Understanding Syn and Anti Elimination in E2 and Sn2 Reactions

[chops369]

Can someone please help me understand the difference between syn and anti elimination in terms of what they favor? My [extremely] limited understanding leads me to believe that syn elimination favors E2 since it mimics frontside attack, which will not work for Sn2 since there is no net-bonding when the nucleophile attacks the empty sigma antibonding orbital from this angle. I would also venture that anti elimination favors Sn2 since it mimics backside attack. Is this the only difference between the two arrangements? Please correct if I'm wrong.

 

[DDTea]

This barely makes sense and I'm really not quite sure what you're asking; could you clarify what you mean by, "what they favor?" Do you mean what substrates favor syn or anti-elimination? Are you trying to discuss which reactions (E2, E1, Sn2, Sn1) can compete with one another?

 

[chops369]

This barely makes sense and I'm really not quite sure what you're asking; could you clarify what you mean by, "what they favor?" Do you mean what substrates favor syn or anti-elimination? Are you trying to discuss which reactions (E2, E1, Sn2, Sn1) can compete with one another?

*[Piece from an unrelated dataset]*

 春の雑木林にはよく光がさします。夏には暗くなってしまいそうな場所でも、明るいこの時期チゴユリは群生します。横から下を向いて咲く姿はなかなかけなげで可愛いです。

My bad. I meant to ask what the syn and anti arrangements favor. My organic textbook says that syn and anti are favored in the E2 reaction over both a 60^o dihedral angle and a 120^o dihedral angle. This makes sense to me, since these arrangements would require further rotation to make a planar alkene. Then it goes off on some tangent about how the syn arrangement, when attacked by a nucleophile/base, resembles what is seen in an SN2 backside attack, whereas the anti arrangement appears similar to frontside attack. The book is not very clear about this, hence my confusion and my badly written question.

 

[DDTea]

Well, E2 won't happen with a syn arrangement--so I don't know what your book is talking about there! If you look at the transition state for E2, it requires that the base and the leaving group to be be anti-periplanar to one another. In linear molecules, syn and anti in this case aren't a problem because free rotation of the relevant C-C bond can bring it into the proper geometry for E2 reaction.

Free rotation is not going to be a major obstacle to any reaction (keep in mind, bonds rotate at ~10^12 times/second!). If the rotation is hindered somehow (e.g., in a cyclopentane ring), then it might not be possible to reach the transition state for a particular reaction.

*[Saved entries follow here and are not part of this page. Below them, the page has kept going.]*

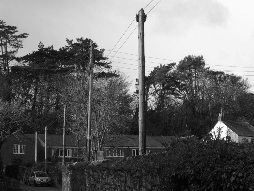 The line of post's and wire leading to the reservoir behind the houses. 04-11-09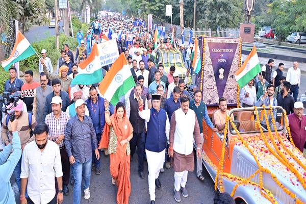 भोपाल : खेल एवं युवा कल्याण मंत्री विश्वास कैलाश सारंग ने कहा कि हमारे देश का संविधान ही धर्मग्रन्थ है। उन्होंने प्रधानमंत्री नरेन्द्र मोदी का साधुवाद करते हुए कहा कि सम्पूर्ण देश में आज संविधान दिवस पर पद यात्रा का आयोजन कर हम सबको प्रेरणा दी है कि लोकतंत्र में आज हम आजाद हिन्दुस्तानी के नाते जी रहे है। मंत्री सारंग शौर्य स्मारक में संविधान दिवस पद यात्रा के शुभारंभ अवसर पर कार्यक्रम को संबोधित कर रहे थे।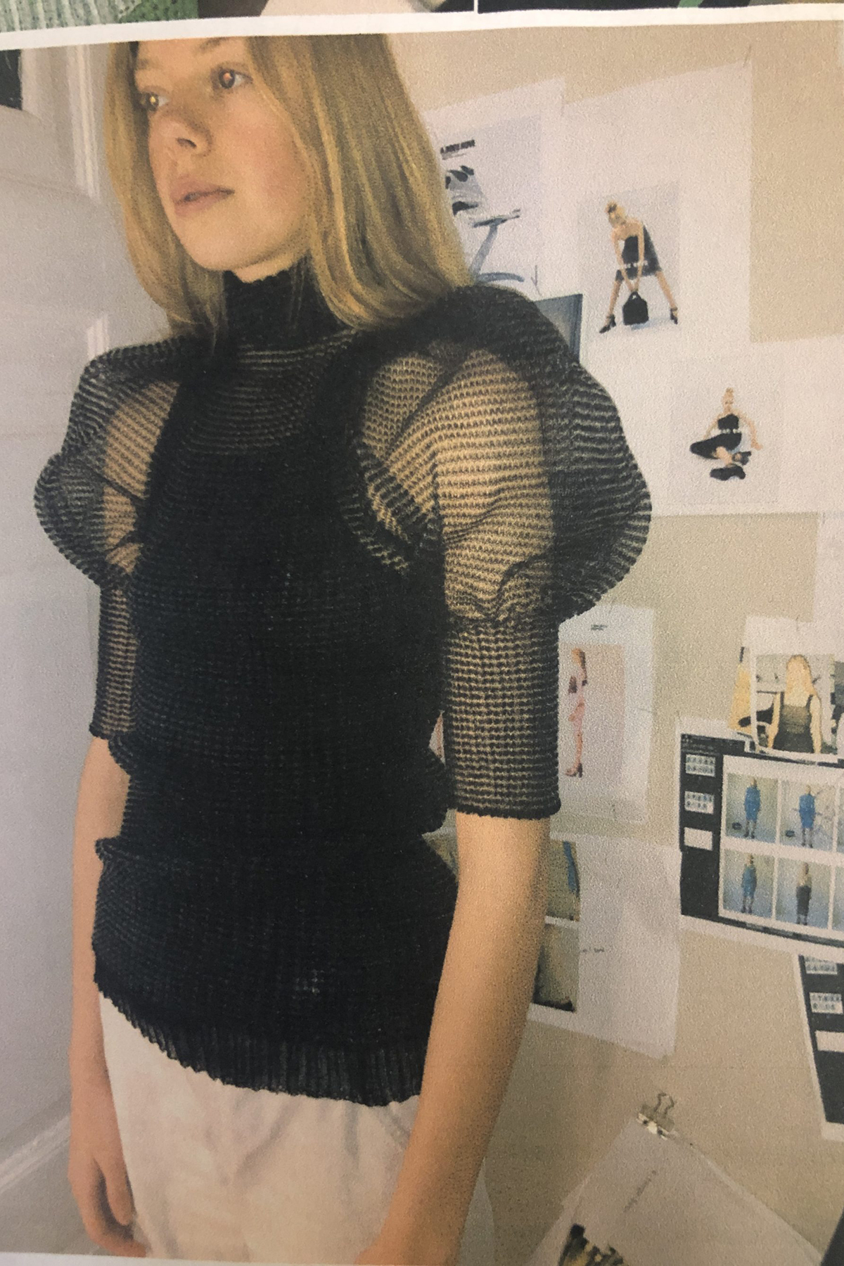 Her work challenges perceptions of shape, both in terms of the body and in how we expect fabric to function. She is constantly trying new techniques and knitting innovations in order to make her work as waste-free as possible.

In general though, if you're confused, Sn1 reactions are going to compete with E1 reactions (since both involve an intermediate carbocation); Sn2 reactions are going to compete with E2 (since both are concerted mechanisms that occur under the same reaction conditions). In reality, few reactions are "pure" Sn1 or Sn2 reactions. They tend to be some shade of grey in between them (again, look at the transition states! notice the similarity between Sn1 and Sn2 in that light).

 

[AsuraSky]

I don't know if I have the same book as the topic starter (Organic Chemistry 7th edition by L.G. Wade Jr) but my book also mentions the E2 reaction occurring when there's a syn-coplanar relationship between the leaving group and an H when there is no free rotation (like in a cycloalkane). The book says:

The transition state for the anti-coplanar arrangement is a staggered conformation, with the base far away from the leaving group. In most cases, this transition state is lower in energy than that for the syn-coplanar elimination

Ok, makes sense but then the book goes on to say

Some molecules are rigidly held in eclipsed (or nearly eclipsed) conformations, with a hydrogen atom and a leaving group in a syn-coplanar arrangement. Such compounds are likely to undergo E2 elimination by a concerted syn-coplanar mechanism. Deuterium labeling (using D, the hydrogen isotope with mass number 2) is used in the following reaction to show which atom is abstracted by the base. Only the hydrogen atom is abstracted, because it is held in a syn-coplanar position with the bromine atom. Remember that syn-coplanar eliminations are unusual, however, and anti-coplanar eliminations are more common

The book then goes on to show the following picture

I'm confused about this too. I've missed many a test question thinking that there's a syn-coplanar elimination when the correct answer is some other reaction mechanism. Is syn-coplanar elimination that unusual so that it almost never occurs and follows some other reaction mechanism instead (even in ring compounds with no free rotation)?

 

[DDTea]

I love when I learn something new. After checking out the wiki page for the E2 reaction, it turns out it *does* happen in a synperiplanar geometry. However, it is energetically less favorable than the antiperiplanar geometry. Now I'm going to have to look this up in my physical organic book. Cool thread!

 

[chemisttree]

The book then goes on to show the following picture

I'm confused about this too. I've missed many a test question thinking that there's a syn-coplanar elimination when the correct answer is some other reaction mechanism. Is syn-coplanar elimination that unusual so that it almost never occurs and follows some other reaction mechanism instead (even in ring compounds with no free rotation)?

So, in this reaction, the rate determing step involves the alkoxide. Can you posit a mechanism for this E2 elimination? Your example is a very special case. The deuterium and the bromine should eliminate in an anti fashion except that there is a steric interference somewhere in this case.